Directions -> Here is the task for the records below: repeat exactly the lines from the one with "Framed Autographed/Signed John" to the one with "10月31日,2013款Je", both included, and nothing else.

Data ->
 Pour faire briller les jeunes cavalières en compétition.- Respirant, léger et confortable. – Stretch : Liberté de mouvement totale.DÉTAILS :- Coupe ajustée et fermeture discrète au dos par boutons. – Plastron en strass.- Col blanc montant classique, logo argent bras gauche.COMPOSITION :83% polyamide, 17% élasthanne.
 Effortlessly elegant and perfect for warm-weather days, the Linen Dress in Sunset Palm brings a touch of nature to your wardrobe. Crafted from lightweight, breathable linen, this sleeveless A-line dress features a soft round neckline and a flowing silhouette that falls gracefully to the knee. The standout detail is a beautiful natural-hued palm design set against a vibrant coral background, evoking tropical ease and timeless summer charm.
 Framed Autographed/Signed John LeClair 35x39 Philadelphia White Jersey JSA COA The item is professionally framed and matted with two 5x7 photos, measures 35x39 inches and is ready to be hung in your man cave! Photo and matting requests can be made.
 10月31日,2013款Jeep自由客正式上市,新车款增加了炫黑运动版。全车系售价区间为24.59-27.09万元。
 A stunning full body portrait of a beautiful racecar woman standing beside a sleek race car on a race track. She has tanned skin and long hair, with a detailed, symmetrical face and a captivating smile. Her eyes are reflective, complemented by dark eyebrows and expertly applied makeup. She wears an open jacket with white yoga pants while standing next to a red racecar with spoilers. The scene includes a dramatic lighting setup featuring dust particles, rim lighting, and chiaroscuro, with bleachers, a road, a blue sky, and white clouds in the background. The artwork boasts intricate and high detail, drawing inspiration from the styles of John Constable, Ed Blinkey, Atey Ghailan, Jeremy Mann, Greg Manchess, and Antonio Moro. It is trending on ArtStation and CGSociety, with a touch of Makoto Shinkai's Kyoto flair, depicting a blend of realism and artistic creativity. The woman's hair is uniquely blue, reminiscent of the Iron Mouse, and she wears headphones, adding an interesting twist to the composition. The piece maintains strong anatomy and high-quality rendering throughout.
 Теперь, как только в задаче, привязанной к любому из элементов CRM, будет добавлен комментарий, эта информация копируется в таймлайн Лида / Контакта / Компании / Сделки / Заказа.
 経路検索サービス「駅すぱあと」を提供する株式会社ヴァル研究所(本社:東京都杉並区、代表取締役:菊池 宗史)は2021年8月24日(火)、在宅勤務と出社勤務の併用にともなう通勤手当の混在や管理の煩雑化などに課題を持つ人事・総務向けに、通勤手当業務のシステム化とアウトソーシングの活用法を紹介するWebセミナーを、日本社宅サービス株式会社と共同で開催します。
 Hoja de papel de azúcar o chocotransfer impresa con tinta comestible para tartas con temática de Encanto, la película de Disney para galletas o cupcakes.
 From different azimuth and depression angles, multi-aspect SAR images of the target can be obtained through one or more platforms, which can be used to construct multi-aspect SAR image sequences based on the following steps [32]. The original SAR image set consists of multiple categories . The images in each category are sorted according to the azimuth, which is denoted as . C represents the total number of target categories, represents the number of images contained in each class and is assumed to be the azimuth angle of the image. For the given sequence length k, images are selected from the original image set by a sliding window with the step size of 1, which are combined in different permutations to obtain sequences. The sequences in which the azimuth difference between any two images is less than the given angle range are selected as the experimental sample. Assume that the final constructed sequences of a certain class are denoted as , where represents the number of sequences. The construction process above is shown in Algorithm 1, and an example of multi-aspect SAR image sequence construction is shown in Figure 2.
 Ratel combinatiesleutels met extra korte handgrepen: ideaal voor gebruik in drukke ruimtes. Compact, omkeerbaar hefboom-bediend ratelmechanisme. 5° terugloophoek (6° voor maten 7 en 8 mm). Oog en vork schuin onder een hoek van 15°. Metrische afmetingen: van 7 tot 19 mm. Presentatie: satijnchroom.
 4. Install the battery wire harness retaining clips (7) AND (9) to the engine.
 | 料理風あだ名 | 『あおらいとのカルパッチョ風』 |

Exercise solution ->
 Framed Autographed/Signed John LeClair 35x39 Philadelphia White Jersey JSA COA The item is professionally framed and matted with two 5x7 photos, measures 35x39 inches and is ready to be hung in your man cave! Photo and matting requests can be made.
 10月31日,2013款Jeep自由客正式上市,新车款增加了炫黑运动版。全车系售价区间为24.59-27.09万元。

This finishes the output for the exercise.